Gepants for Acute Migraine: Patient Management

Video

David W. Dodick, MD: When you’re conducting a clinical trial, you determine what is going to be a clinically meaningful difference compared with placebo and then power the trial to try to show whether there’s a difference. Once you’ve shown that there is a statistical separation from active drug compared with placebo, then you’ve surpassed what you’ve set as your clinically meaningful threshold. 

After that, I stop looking at placebo. The placebo response rate in the clinical trial is meaningless when I’m sitting in front of the patient trying to make a decision. And so I don’t talk about placebo response rates when I’m sitting with the patient. I simply tell them that in the clinical trial, when patients were treated for moderate or severe pain, about 20% or 21% were pain-free. That’s what I tell them, and I tell them this percentage of patients had relief of headache. To be quite honest, I don’t really talk about the most bothersome symptom, and I don’t get into those numbers. But I tell patients that in addition to relieving pain, these medications have the potential to relieve other symptoms that they’re experiencing. Then I tell them that the way we’re going to use it is we’re going to have them treated at the earliest onset of the attack while pain is still mild. If we treat while pain is mild, we may see better results than what was seen in clinical trials. 

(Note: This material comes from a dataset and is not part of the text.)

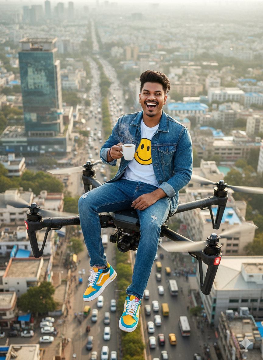 A stunning, ultra-realistic digital art photograph captures the man from in a dynamic, full-body vertical composition. He is seated casually on a large, futuristic, multi-rotor flying drone, with his legs dangling freely and bent at the knees, wearing bright-colored thick skate sneakers with mismatched laces. He has a joyful, open-mouthed laugh, looking directly into the camera lens while holding a steaming, white ceramic mug of coffee in his right hand. He wears a plain white cotton t-shirt featuring a yellow smiley face emoji, layered under a classic blue denim jacket with rolled-up sleeves and slim-fit, distressed blue jeans. The drone hovers high above a sprawling, bustling Indian urban cityscape, filled with modern glass buildings interspersed with traditional architecture, and a network of congested roads with cars, buses, and tuk-tuks. The scene is illuminated by soft, natural morning sunlight, which creates gentle highlights and shadows on his skin, the texture of his disheveled dark hair, the worn fabric of his denim jacket, the creases in his jeans, and the steam rising from the coffee. The aerial perspective is dramatic, emphasizing the scale of the city below and the sense of freedom and exhilaration. The framing is balanced, with a shallow depth of field, keeping the man and the drone in sharp focus while the urban background is softly blurred.

Once a drug has been proven to be superior to placebo based on a clinically meaningful threshold, or delta, or difference that was established at the beginning of the trial, there is no need to start looking at therapeutic gain or placebo response rates in clinical practice. For example, let’s say the active treatment had 20% pain-free response at 2 hours and placebo had a 10% response. The therapeutic difference is 10%. I don’t tell a patient, for example, that the pain-free response rate at 2 hours is about 10%, because it’s not. It’s 20%. The difference between placebo is meaningless when sitting with the patient, to be honest. You look at the magnitude of the effect in the active treatment group and what proportion of patients actually had relief of pain or became pain-free at 2 hours. That’s what you discuss with the patient.

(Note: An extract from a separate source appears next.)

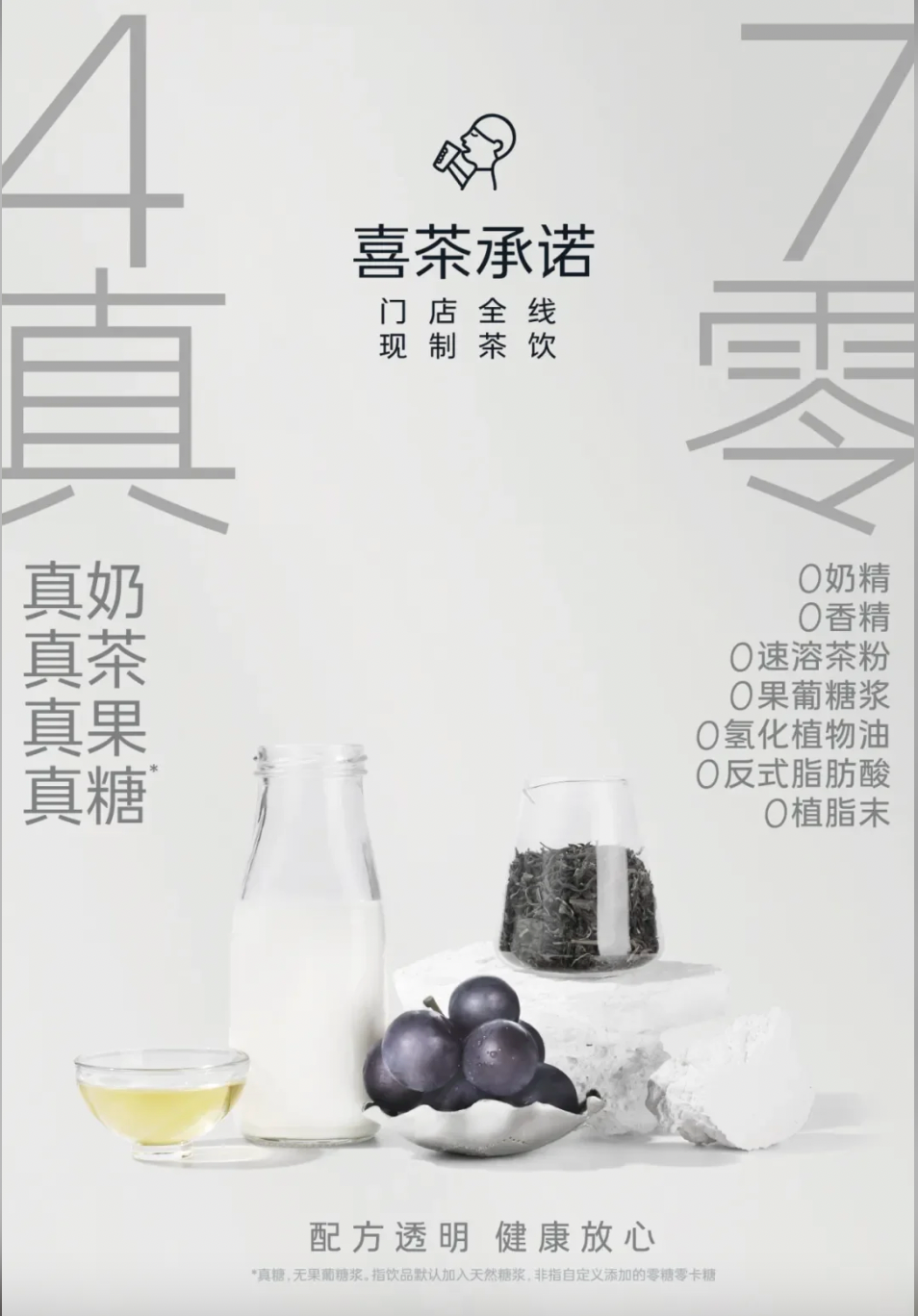 七月二十二日,喜茶公布了更严格的“四真七零”健康茶饮标准。该标准明确指出,健康真茶应以“真茶、真奶、真果、真糖”为原料,全线产品符合“0奶精、0香精、0果葡糖浆、0植物脂末、0氢化植物油、0反式脂肪、0速溶茶粉”的需求。作为一个始终坚持真品质的品牌,西茶全线销售的现制饮品都符合“四真七零”健康茶的标准。

These medications, rimegepant included, can show a difference at earlier time points on any of a number of outcome measures. That’s good. One of the frustrating things is that moderate and severe pain are lumped together. They shouldn’t be, because when treating moderate pain, you get incremental benefit. It’s unfortunate that we lump those 2 together. They should be separated. They’re 2 totally different pain states when you start treating patients. Be that as it may, the fact that you can get separation from placebo at earlier time points on any of a number of outcome measures tells you that this has the potential to work earlier than 2 hours. When we look at 2 hours, it’s important to know what happens at 2 hours. But patients don’t want to wait 2 hours. They would like relief as quickly as possible. Imagine taking something sitting down, looking at the clock, and thinking, “Oh my, I have to wait 2 hours now? I have to wait from 10 am to 12 pm to get some relief?” The onset of relief is actually as important to patients as how complete the relief is.

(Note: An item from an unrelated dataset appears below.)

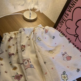 Quần Short Ngủ Mỏng Dáng Rộng In Họa Tiết Thỏ Hoạt Hình Kiểu Hàn Quốc Thời Trang Mùa Hè

How quickly will they notice a meaningful difference? If they notice a reduction from severe to moderate pain in 20 to 30 minutes, even though that wouldn’t be captured in a clinical trial, that’s very meaningful to a patient. The onset of meaningful relief is something that’s really important and gets lost in the noise of these clinical trials. The fact that these drugs can work quicker, even when you treat pain that’s moderate or severe, means that if I treat it while pain is mild, I’m likely to get even more benefit earlier on—earlier than 2 hours. 

That’s what those end points mean to me. I don’t really focus on 1 particular end point, because A) I’m going to be using the drug in a way that it wasn’t used in clinical trials, and B) it tells me that the drug can work more quickly than 2 hours, especially in the way we’re going to use it in practice. But even when you let patients go on and let their attack progress, it can still work in them in less than 2 hours.